# Machine Learning Pipeline: Hands-on Exercise

This [dataset](http://201.116.60.46/Datos_de_calidad_del_agua_de_5000_sitios_de_monitoreo.zip) contains different parameters used to evaluate the quality of water at different sites in México. The samples are classified with the  *traffic light* (`SEMAFORO`, in Spanish) code:  


| SEMAFORO | DESCRIPTION                                                                                                          |
|----------|----------------------------------------------------------------------------------------------------------------------|
| Verde    | Excelent quality.                                                                                                    |
| Amarillo | Water contaminated with Total Suspended Solids (SST in Spanish).                                                     |
| Rojo     | Water contaminated with Biochemical Oxigen Demanding (DBO in Spanish) or Chemical Oxigen Demanding (DQO in Spanish). |
| Morado   | Water sample is out of range in Total Dissolved Solids (SDT in Spanish).                                             |
| Azul     | Water sample is within the range of Total Dissolved Solids (SDT in Spanish).                                         |

This [link](https://es.wikipedia.org/wiki/Anexo:Definiciones_usuales_en_calidad_del_agua) explains (in Spanish) the parameters used to evaluate the quality of Water.

## Main objective

Predict the quality of Water for the giving features.

---

1. Download the [dataset](http://201.116.60.46/Datos_de_calidad_del_agua_de_5000_sitios_de_monitoreo.zip)
2. Extract the files and load the `CSV` file `Resultados_de_calidad_del_agua_de_5000_sitios_de_monitoreo.csv` in Pandas and check that data is loaded correctly; if not, find where the problem is (*hint: check that all the columns contain the same type of data. Additional tools like LibreOffice may help you*).
3. Mark all the empty values with `ND` (No Data/No Disponible).
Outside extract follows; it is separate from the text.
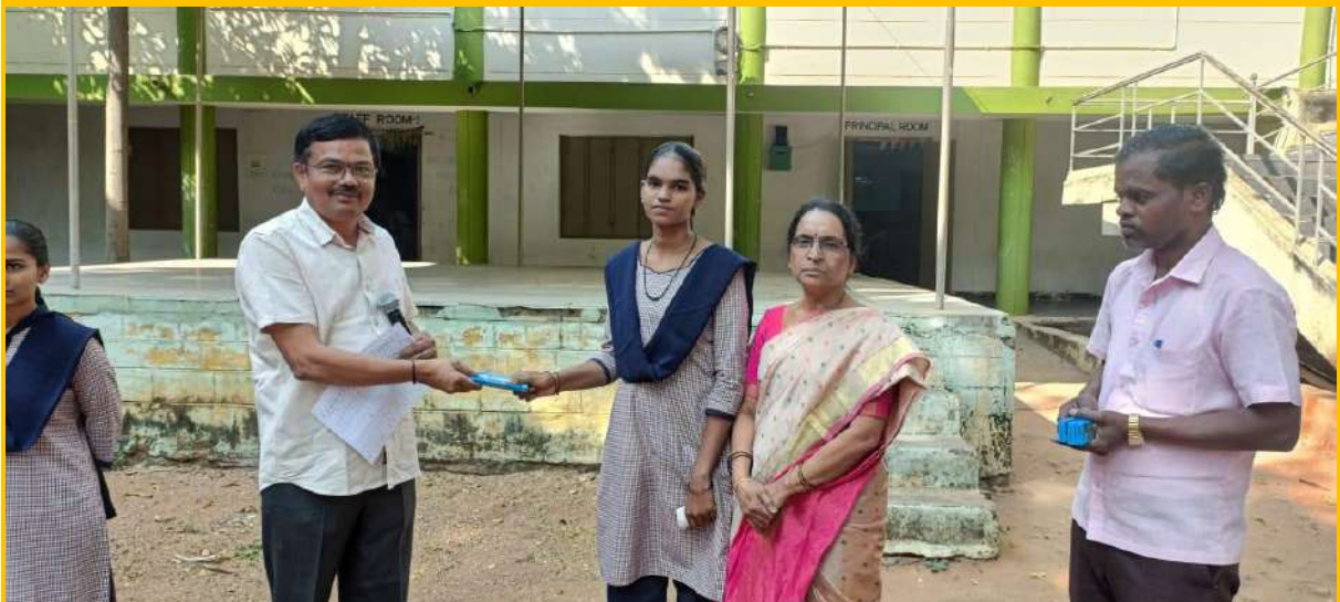
Students who are regular to the class are always honoured by our college

4. Replace the `ND` with `NaN`.

5. Inspect the data (head, describe, dtypes, info, ...)

6. Check that the types of the features are correct; if not, change them.

7. Notice that there are geospatial features (LONGITUD, LATITUD). Plot them.

8. Now, we can work with the numerical features. We can see how they are correlated (or not) with the label `SEMAFORO`. Group the samples by the final class and calculate the mean of DBO, DQO, SST and SDT for each label.

9. Inspect the rest of the features. At this point, which features will you drop? Drop them, if any.

10. Find how many instances we have of each class.

11. Keep only the classes `Rojo`, `Amarillo` and `Verde`.

12. Make a `pairplot` with the numerical features. And explain the result.

13. Plot `LONGITUD`, `LATITUD` with the colors corresponding to the classes (`Rojo`='r', `Àmarillo`='y' `Verde`='g')

14. Find how many missing values are in each feature.

15. Replace the missing values.

16. Build the correlation matrix for numerical features.

17. Transform the categorical features in categorical data types.

18. Check if the classes to predict are balanced. 

19. Choose and build a model to predict the `SEMAFORO` class.

---